### EXERCISE INSTRUCTIONS
All entries are to be transcribed verbatim, but images are not carried over.

+===+

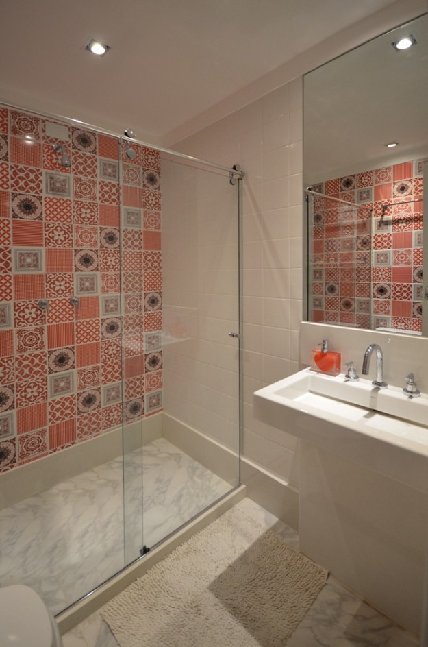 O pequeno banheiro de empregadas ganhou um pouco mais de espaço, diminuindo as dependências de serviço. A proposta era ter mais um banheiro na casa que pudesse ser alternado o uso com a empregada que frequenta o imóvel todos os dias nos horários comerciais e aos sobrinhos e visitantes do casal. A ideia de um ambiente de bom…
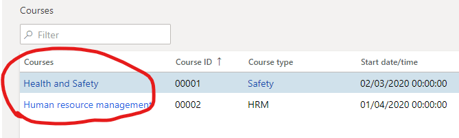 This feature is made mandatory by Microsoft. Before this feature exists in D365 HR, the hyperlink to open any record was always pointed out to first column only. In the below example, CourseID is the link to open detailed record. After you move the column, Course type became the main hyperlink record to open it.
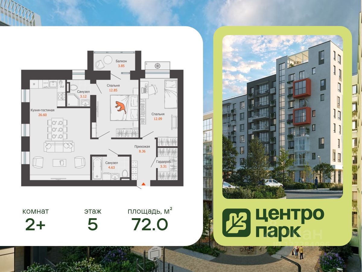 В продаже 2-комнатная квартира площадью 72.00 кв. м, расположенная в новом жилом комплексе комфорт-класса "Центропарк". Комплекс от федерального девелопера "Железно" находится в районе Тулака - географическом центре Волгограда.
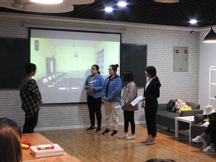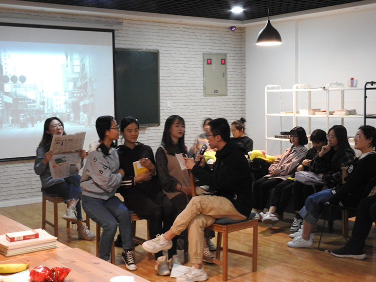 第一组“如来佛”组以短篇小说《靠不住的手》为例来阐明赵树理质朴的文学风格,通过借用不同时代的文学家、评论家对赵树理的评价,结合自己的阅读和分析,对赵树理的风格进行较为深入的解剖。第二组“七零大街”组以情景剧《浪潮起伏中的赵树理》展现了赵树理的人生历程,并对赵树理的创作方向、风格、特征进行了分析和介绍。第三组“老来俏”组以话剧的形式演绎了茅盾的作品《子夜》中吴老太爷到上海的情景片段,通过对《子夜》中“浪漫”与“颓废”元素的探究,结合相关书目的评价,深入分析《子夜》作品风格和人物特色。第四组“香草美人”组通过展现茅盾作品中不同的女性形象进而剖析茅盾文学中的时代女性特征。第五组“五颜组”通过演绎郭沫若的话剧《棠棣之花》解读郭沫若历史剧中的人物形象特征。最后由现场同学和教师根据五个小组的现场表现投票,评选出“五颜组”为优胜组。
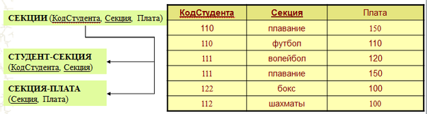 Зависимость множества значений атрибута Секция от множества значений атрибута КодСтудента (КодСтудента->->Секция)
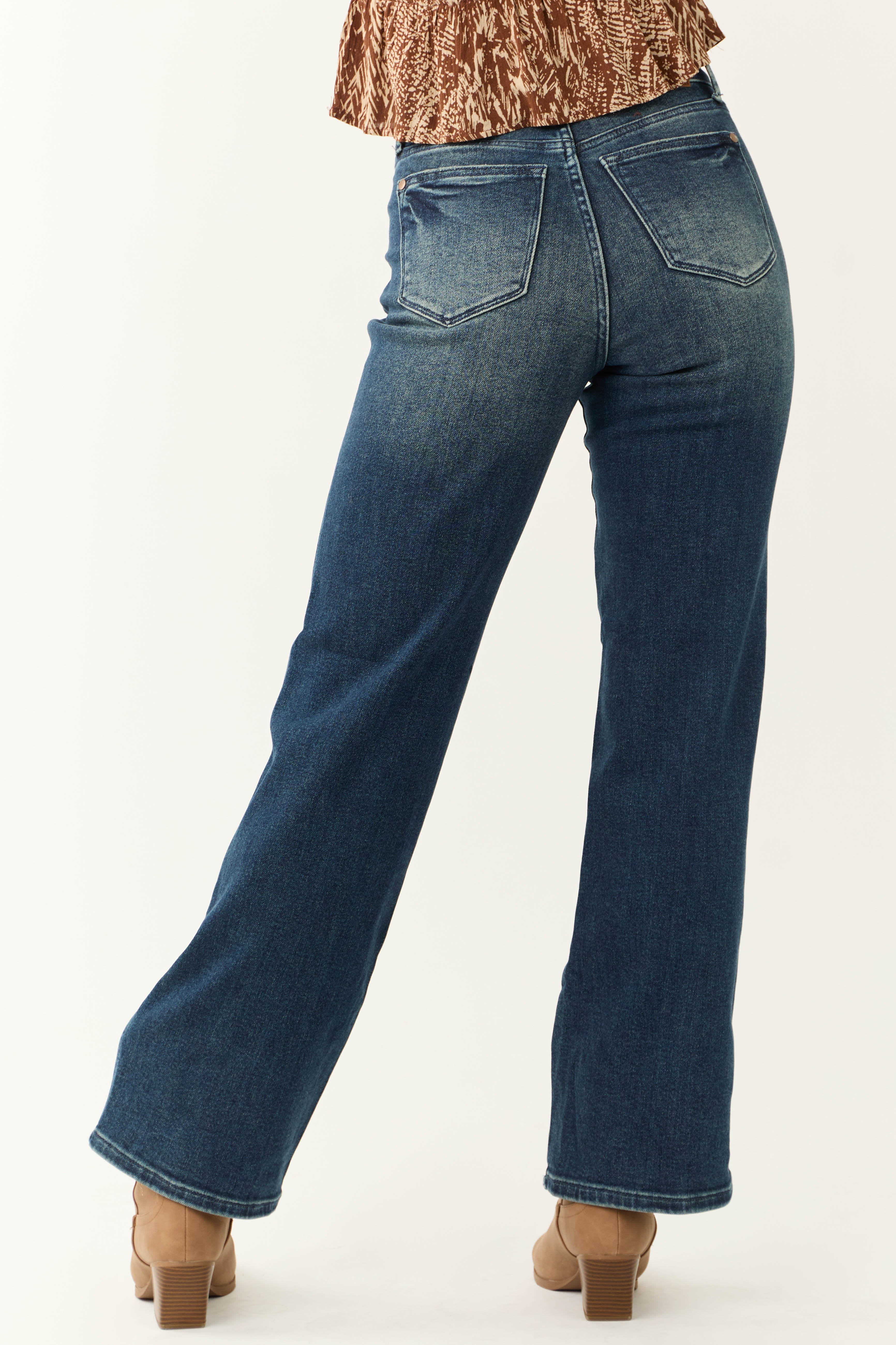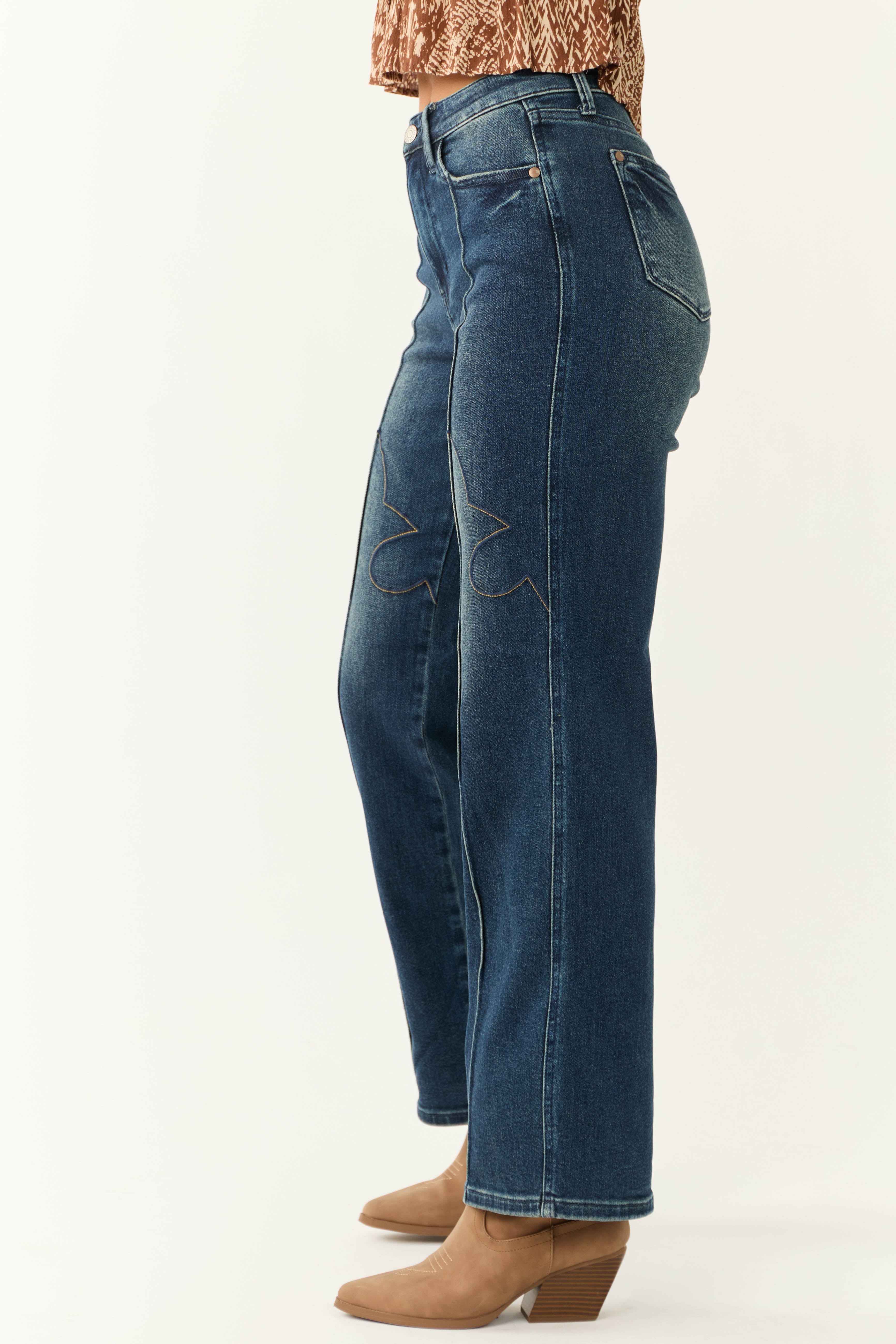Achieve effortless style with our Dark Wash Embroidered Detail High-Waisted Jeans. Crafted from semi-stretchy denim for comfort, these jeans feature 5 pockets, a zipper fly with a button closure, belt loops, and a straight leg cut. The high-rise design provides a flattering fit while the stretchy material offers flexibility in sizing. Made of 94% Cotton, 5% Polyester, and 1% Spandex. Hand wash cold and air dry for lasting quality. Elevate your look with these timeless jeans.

+===+

### RESULT OF THIS TASK
 O pequeno banheiro de empregadas ganhou um pouco mais de espaço, diminuindo as dependências de serviço. A proposta era ter mais um banheiro na casa que pudesse ser alternado o uso com a empregada que frequenta o imóvel todos os dias nos horários comerciais e aos sobrinhos e visitantes do casal. A ideia de um ambiente de bom…
 This feature is made mandatory by Microsoft. Before this feature exists in D365 HR, the hyperlink to open any record was always pointed out to first column only. In the below example, CourseID is the link to open detailed record. After you move the column, Course type became the main hyperlink record to open it.
 В продаже 2-комнатная квартира площадью 72.00 кв. м, расположенная в новом жилом комплексе комфорт-класса "Центропарк". Комплекс от федерального девелопера "Железно" находится в районе Тулака - географическом центре Волгограда.
 第一组“如来佛”组以短篇小说《靠不住的手》为例来阐明赵树理质朴的文学风格,通过借用不同时代的文学家、评论家对赵树理的评价,结合自己的阅读和分析,对赵树理的风格进行较为深入的解剖。第二组“七零大街”组以情景剧《浪潮起伏中的赵树理》展现了赵树理的人生历程,并对赵树理的创作方向、风格、特征进行了分析和介绍。第三组“老来俏”组以话剧的形式演绎了茅盾的作品《子夜》中吴老太爷到上海的情景片段,通过对《子夜》中“浪漫”与“颓废”元素的探究,结合相关书目的评价,深入分析《子夜》作品风格和人物特色。第四组“香草美人”组通过展现茅盾作品中不同的女性形象进而剖析茅盾文学中的时代女性特征。第五组“五颜组”通过演绎郭沫若的话剧《棠棣之花》解读郭沫若历史剧中的人物形象特征。最后由现场同学和教师根据五个小组的现场表现投票,评选出“五颜组”为优胜组。
 Зависимость множества значений атрибута Секция от множества значений атрибута КодСтудента (КодСтудента->->Секция)
Achieve effortless style with our Dark Wash Embroidered Detail High-Waisted Jeans. Crafted from semi-stretchy denim for comfort, these jeans feature 5 pockets, a zipper fly with a button closure, belt loops, and a straight leg cut. The high-rise design provides a flattering fit while the stretchy material offers flexibility in sizing. Made of 94% Cotton, 5% Polyester, and 1% Spandex. Hand wash cold and air dry for lasting quality. Elevate your look with these timeless jeans.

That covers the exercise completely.